QUAL O IMPACTO DA PRODUÇÃO DE “COMMODITES FLORESTAIS” SOB AS MUDANÇAS CLIMÁTICAS GLOBAIS?
Além da pandemia de covid-19, as mudanças climáticas têm sido um dos maiores desafios da atualidade. O mundo busca soluções e alternativas para enfrentar os efeitos das mudanças climáticas, que não se refere apenas ao aumento da temperatura, mas também inclui alterações na intensidade das chuvas e ocorrência de eventos climáticos extremos, como furacões e ondas de calor.
Não há mais dúvida de que essas mudanças são devidas em grande parte, à atividade humana, especificamente à emissão na atmosfera de grandes quantidades de gases do efeito estufa, como dióxido de carbono (CO2) e metano. Também é consenso, que a manutenção das florestas tem um papel de destaque na discussão sobre o aquecimento global, especialmente no Brasil, referência mundial em produtividade florestal. Vejamos a seguir como as florestas brasileiras têm colaborado para aplacar os efeitos iminentes das mudanças climáticas:
A produtividade do setor florestal brasileiro
O Brasil é o segundo país com maior área florestal, totalizando 497.906.632 milhões de hectares (ha) de floresta (58,47% do seu território).

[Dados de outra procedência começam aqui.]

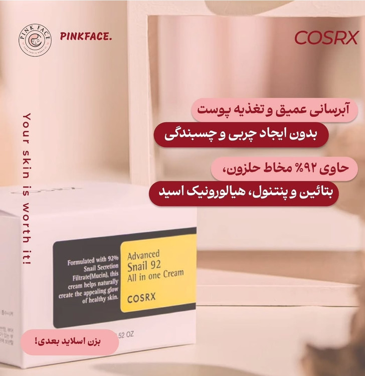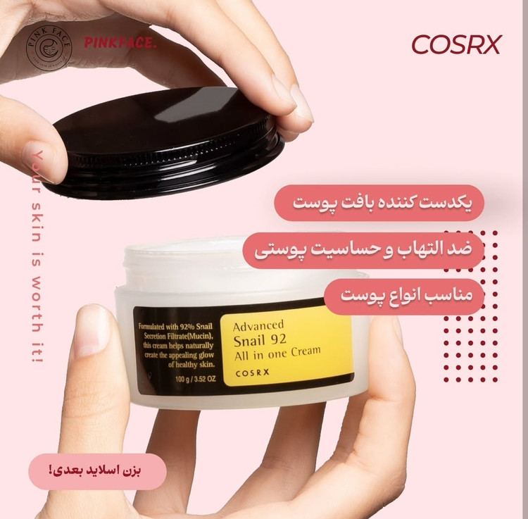 🧫حاوی ۹۲٪ مخاط حلزون، بتائین و پنتنول، هیالورونیک اسیده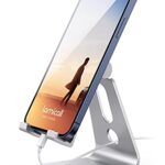 Lomicallスマホスタンドはアルミ製で角度調整可能。卓上やデスクに最適で、iPhoneやAndroid端末に対応。シルバー色、横置き・縦置きが可能。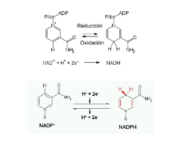NUCLEÓTIDOS NO NUCLEICOS 4) Nucleótidos de piridina • Dinucleótidos formados por al unión mediante enlace fosfodiéster del nicotínamida (vit B 3 o niacina) y el de adenina. • NAD: dinucleótido de nicotinamida y adenina • NADP: fosfato del dinucleótido de nicotinamida y adenina. • Son deshidrogenasas.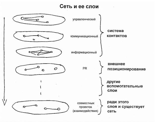 К вышеприведённым слоям сетевых структур необходимо добавить ещё слои деятельности сети, выраженные в отдельных коммуникациях и функционально-деятельных взаимосвязях: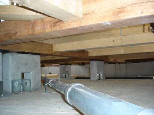 出典:J建築システム(株) グリッドポスト(GP)基礎工法施工マニュアルより一部編集/床下配管例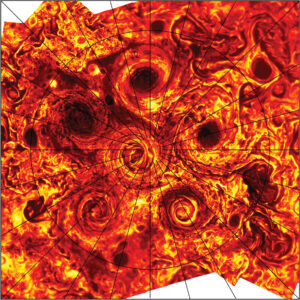 - Leggi l’articolo su Nature Clusters of cyclones encircling Jupiter’s poles di A. Adriani, A. Mura, G. Orton, C. Hansen, F. Altieri, M. L. Moriconi, J. Rogers, G. Eichstädt, T. Momary, A. P. Ingersoll, G. Filacchione, G. Sindoni, F. Tabataba-Vakili, B. M. Dinelli, F. Fabiano, S. J. Bolton, J. E. P. Connerney, S. K. Atreya, J. I. Lunine, F. Tosi, A. Migliorini, D. Grassi, G. Piccioni, R. Noschese, A. Cicchetti, C. Plainaki, A. Olivieri, M. E. O’Neill, D. Turrini, S. Stefani, R. Sordini e M. Amoroso.

Deste total, 488.066.946 ha são ocupados por florestas naturais e apenas 9.839.686 ha corresponde à área de florestas plantadas (SFB, 2019). Recentemente, o Brasil tem sido o foco de calorosas discussões, pautadas na necessidade de manutenção das florestas brasileiras, sobretudo no seu papel de destaque em relação às mudanças climáticas globais. O desmatamento representa no país, a principal preocupação, no que diz respeito às emissões de gases de efeito estufa.
O setor de base florestal brasileiro é líder mundial em produtividade (volume de madeira por unidade de área) de madeira (Figura 1), entre as principais commodities do setor florestal temos a celulose, o papel e painéis de madeira de reflorestamento e madeira serrada (majoritariamente, essências nativas oriundas, principalmente, da Amazônia e do Centro-Oeste, e essências exóticas como pinus e eucalipto).
Apesar do impacto negativo causado pela pandemia de covid-19 na atividade econômica nos diversos segmentos industriais, o setor de base florestal, numa perspectiva de longo prazo, tem se mantido aquecido. O segmento de celulose e papel destaca-se com maior perspectiva positiva neste momento, devido ao maior consumo de produtos de higiene pessoal e limpeza (VALOR, 2020). Portanto, o setor florestal brasileiro tem como desafio intensificar a sua produção para atender à crescente demanda por fibras, madeira, energia e tantas novas aplicações ainda em fase de pesquisa e desenvolvimento.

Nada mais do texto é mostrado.